7 Temmuz 2010 Çarşamba

YAVAŞ YAVAŞ ÖLMEYİN LÜTFEN!

Hani bazen kalırsınız, tek bir söz söyleyemeyecek halde, diliniz ağzınızın içinde öylece durur, gözleriniz sabitlenir, yüzünüzde aptal bir sarkma. Olmaz mı size böyle?


Bana çok olur. Bir cümlede, ezgide, bazen bir resimde yada manzarada öylece kalırım.KAL GELDİ hali.

Dışarıdan bakan için pek komik olan bu halle ben, dün sabah kalakaldım. Şansa kimse o görüntümü görmedi:)



Bir şair varmış, evrende yaşayıp terk etmiş bedensel olarak ama binlerce insanın gönlünde yaşıyor. Adı Pablo Neruda. 1904’te Şili’de doğmuş, 1971’de Nobel Edebiyat Ödülü almış, 1973’te sonsuzluğa göçmüş. Hayatını merak edenler wikipedia’dan okuyabilirler.

Bu şahsın bir çok şiirinden bir tanesini, Facebook ortamında bizlerle paylaşmış bir dost.

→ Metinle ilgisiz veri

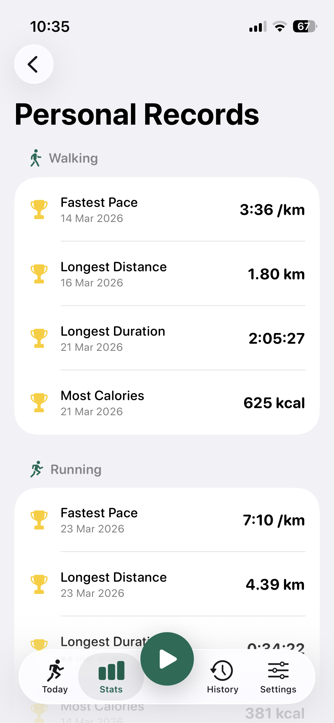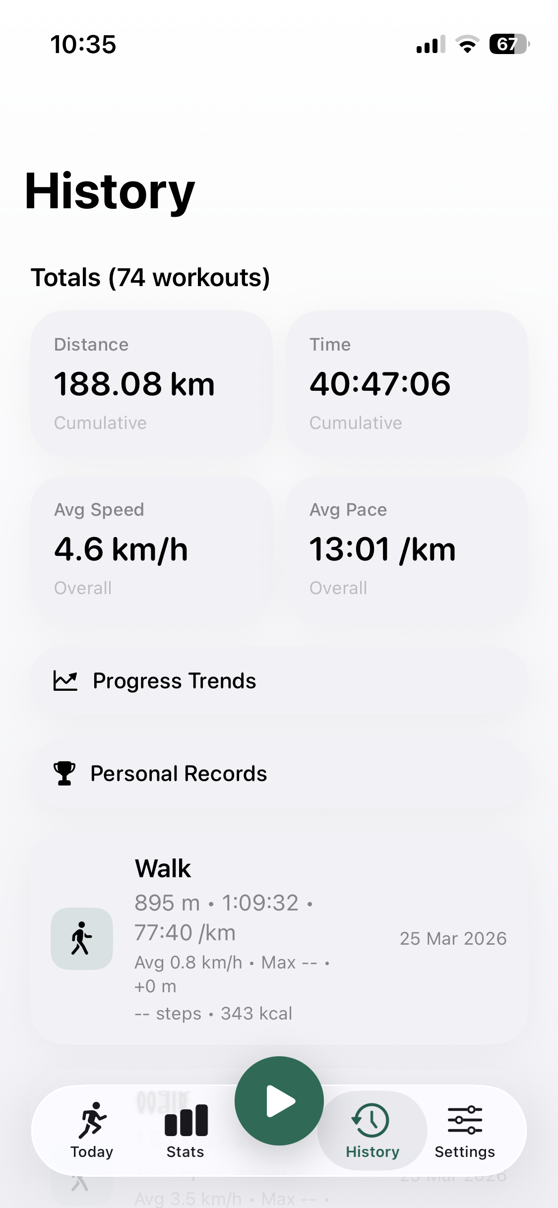 The simplest way to track your runs, rides, and walks. No clutter, no subscriptions, no nonsense — just you and the road ahead.
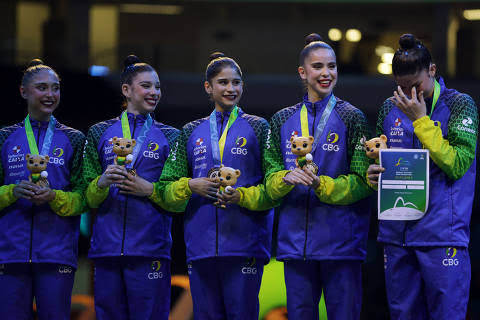SÃO PAULO, SP (FOLHAPRESS) – O Brasil conquistou neste sábado (23) a medalha de prata no conjunto geral no Campeonato Mundial de Ginástica Rítmica, disputado pela primeira vez na América do Sul, no Rio de Janeiro. O pódio do país na competição, a mais importante da modalidade depois dos Jogos Olímpicos, era inédito.
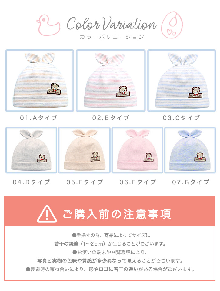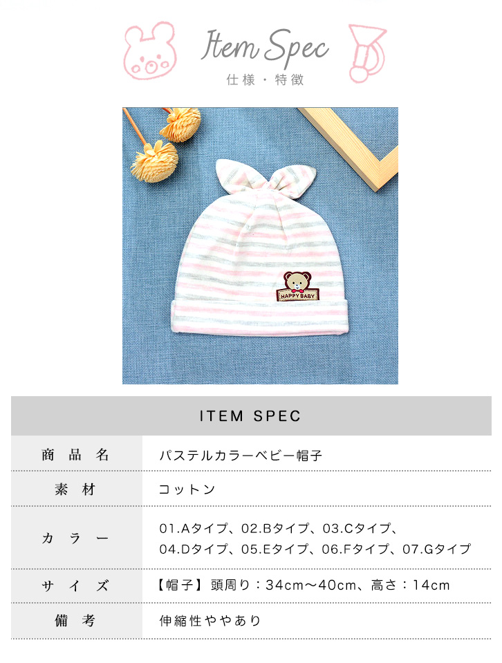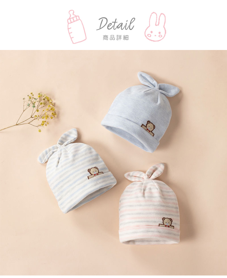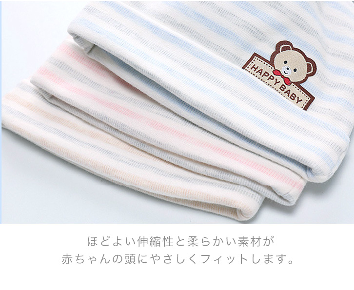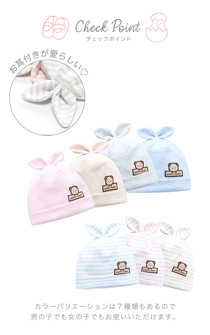 帽子 ベビー帽子 オールシーズン かわいい コットン 肌触り抜群 くまちゃん ワンポイント パステルカラー カラー豊富 カラーバリエーション 男の子 女の子 耳付き ボーダー 無地 キャップ ハット ふんわり 軽い 肌触り快適
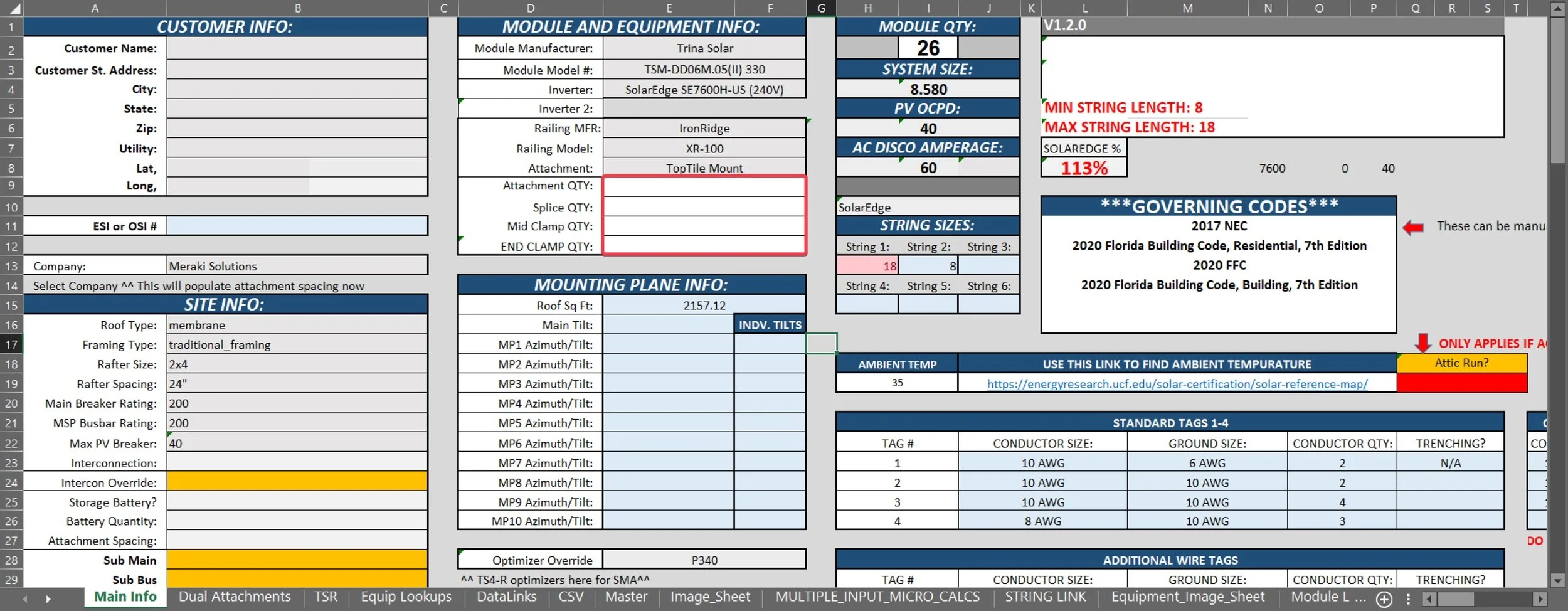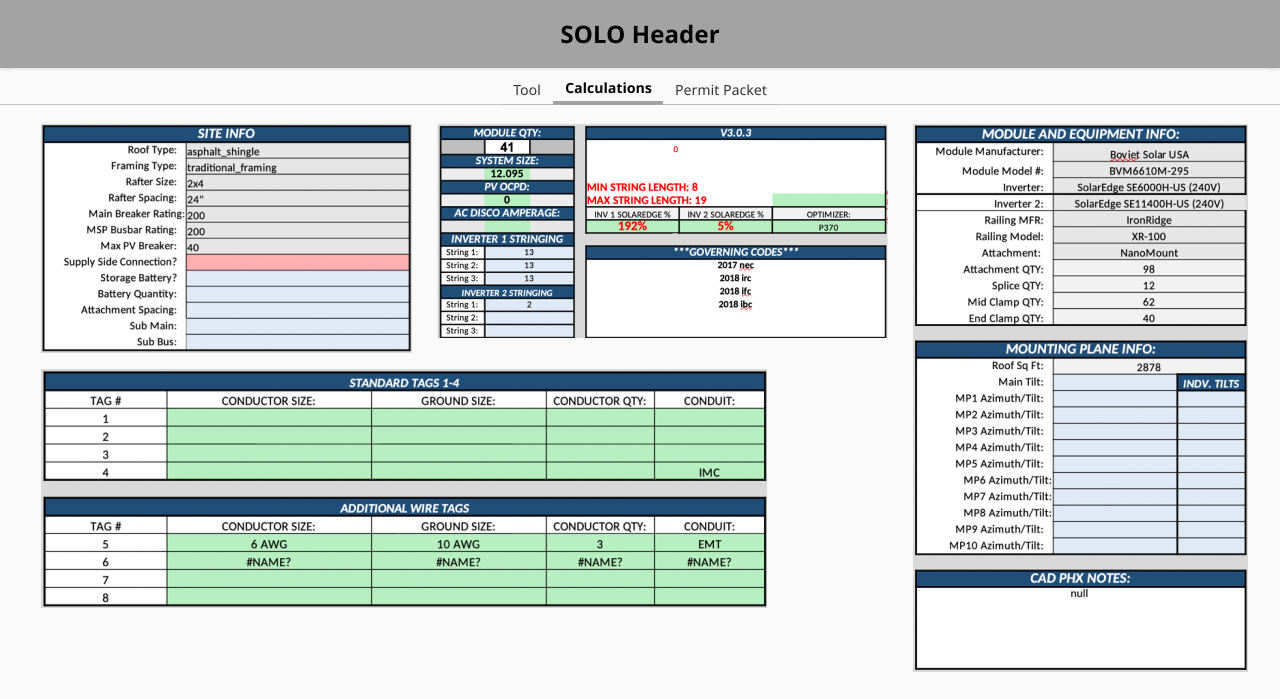 Screenshots of SOLO’s process and part of the custom Excel sheets used by SOLO Engineers

Bazen facebookta bunca şeyi paylaşanlara -ki buna bende dahilim.- neden yapıyoruz diye sorar oluyorum

Ama bakın ne güzel bir şey paylaşmış bu arkadaş. Sonra girdim internete ve araştırıp ucunu buldum ve blog severlerimle paylaşıyorum tabii kendi yorumumla...



Yavaş yavaş ölürler,

Seyahat etmeyenler.


Yavaş yavaş ölürler,

Okumayanlar, müzik dinlemeyenler.

Vicdanlarında hoşgörüyü barındırmayanlar.


Yavaş yavaş ölürler,

Alışkanlıklarının esiri olanlar.

Her gün aynı yolları yürüyenler.

Yürüyüş biçimini hiç değiştirmeyenler.

Giysilerinin rengini değiştirmeye yeltenmeyenler.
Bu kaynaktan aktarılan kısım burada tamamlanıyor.